Most of the pictures show empty offices and office building interiors, in a limited number of cases, unaware people is captured while working.

There are a number of tools available online to search for connected devices like webcams, Shodan and Censys are the most popular project that scan for this category of systems allowing an easy search.

Most IoT devices lack security by design or are not properly configured, opening users to cyber attacks. Smart TVssmart meters and Refrigerator are potentially exploitable to target users everywhere. In October 2015, experts from Imperva have discovered that attackers hijack CCTV cameras to launch powerful DDoS attacks exploiting weak credentials and poor configurations of IoT devices

In the blog post, Arnold explained that the @FFD8FFDB project is just one of a couple of project he is carrying on,  the second camera bot he used is a YouTube bot that is stealing video from a list of cameras, mixing the colors down into grayscale.
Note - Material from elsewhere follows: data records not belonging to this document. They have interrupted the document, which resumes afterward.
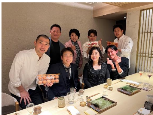
わざわざ富山にお鮓を食べに行ったりもします。
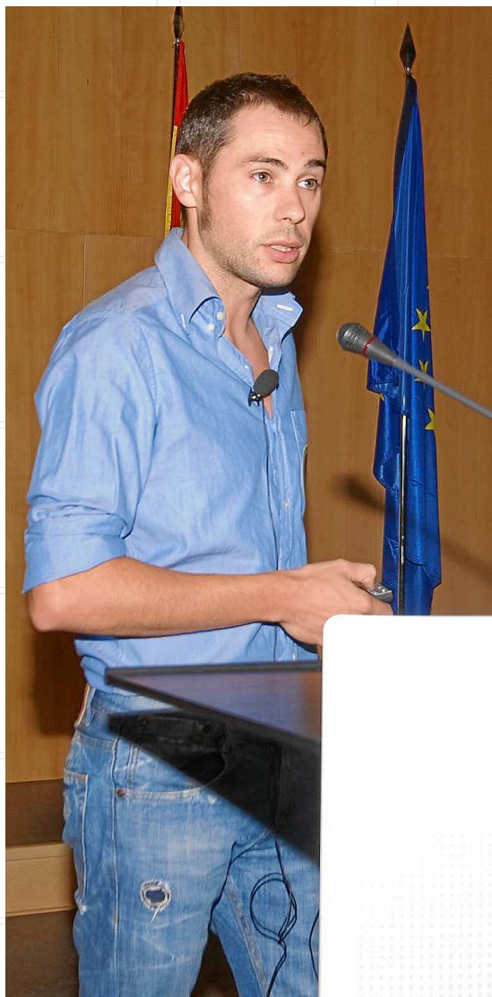
Está pendiente de la Reserva de la Biosfera de Menorca desde 2012.

En cuanto a las administraciones, las apreciaciones realizadas por el doctor Galmés apuntan especialmente al Govern balear, ya que entiende que continúa sin desarrollar políticas diferenciadas para atender la singularidad que para Menorca supone ser Reserva de la Biosfera. El científico afirma que es «una deficiencia estructural, rei-
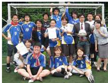
第2位「西戸山サル軍団」
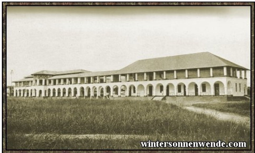
Gouvernements-Krankenhaus in Duala, Kamerun. [aus der engl. Ausgabe]

eine Verminderung der eingeborenen Bevölkerung in Deutsch-Ostafrika stattgefunden hat. Ich persönlich halte dies auf Grund meiner auf Reisen nahezu in allen Teilen der Kolonie gestützten Kenntnis der Eingeborenenbevölkerung für durchaus unwahrscheinlich. Die Schwarzen Ostafrikas sind in den meisten Gegenden eine kräftige, virile Rasse. Die
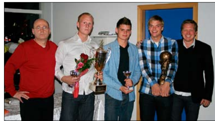
Verðlaunahafar meistaraflökks karla ásamt forráðamönnum.
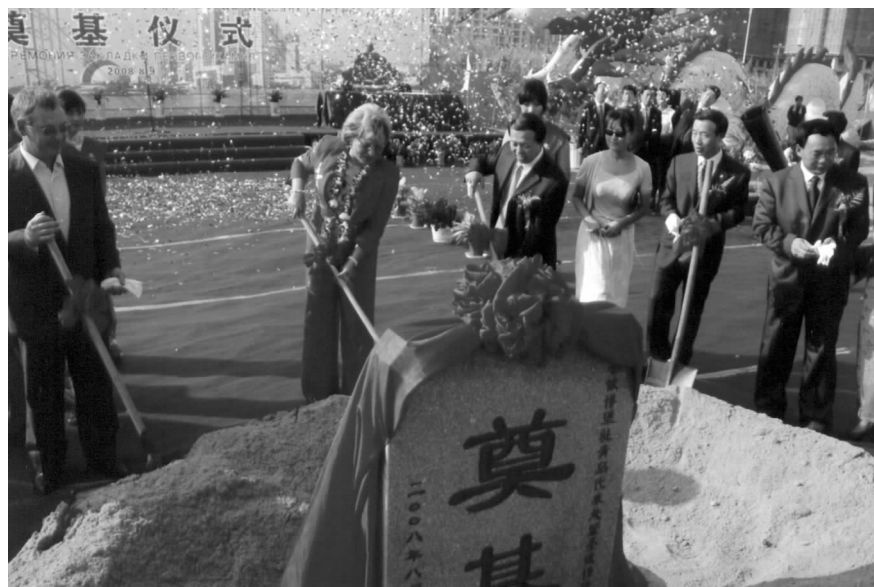
青岛市领导和玛特维延科市长出席圣彼得堡大厦奠基仪式

作为圣彼得堡市的友好使者，玛特维延科市长于 8 月 9 日上午乘专机抵达青岛，对青岛进行了 5 个小时的短暂访问。在因俄罗斯与邻国突发冲突需提前回国的情况下，这位曾任俄罗斯副总理的女市长以坚持访青的诚心彰显了圣彼得堡与青岛相隔遥远却心手相连的姐妹情谊。在抵达青岛后，玛特维延科市长没有因长途跋涉而休息一分一秒，在刚刚抵达香格里拉大饭店后，就直接

“My second camera bot is a YouTube bot, stealing video from a smaller list of cameras, mixing the colors down into grayscale. The frame rates of these cameras are variable, as fast as the network can deliver them, with some jitter. The end result is a rough time-lapse, and though each video is roughly a minute, the actual time elapsed varies.” Arnold wrote.

The project conducted by Arnold demonstrates the importance to carefully configure connected devices to protect our privacy.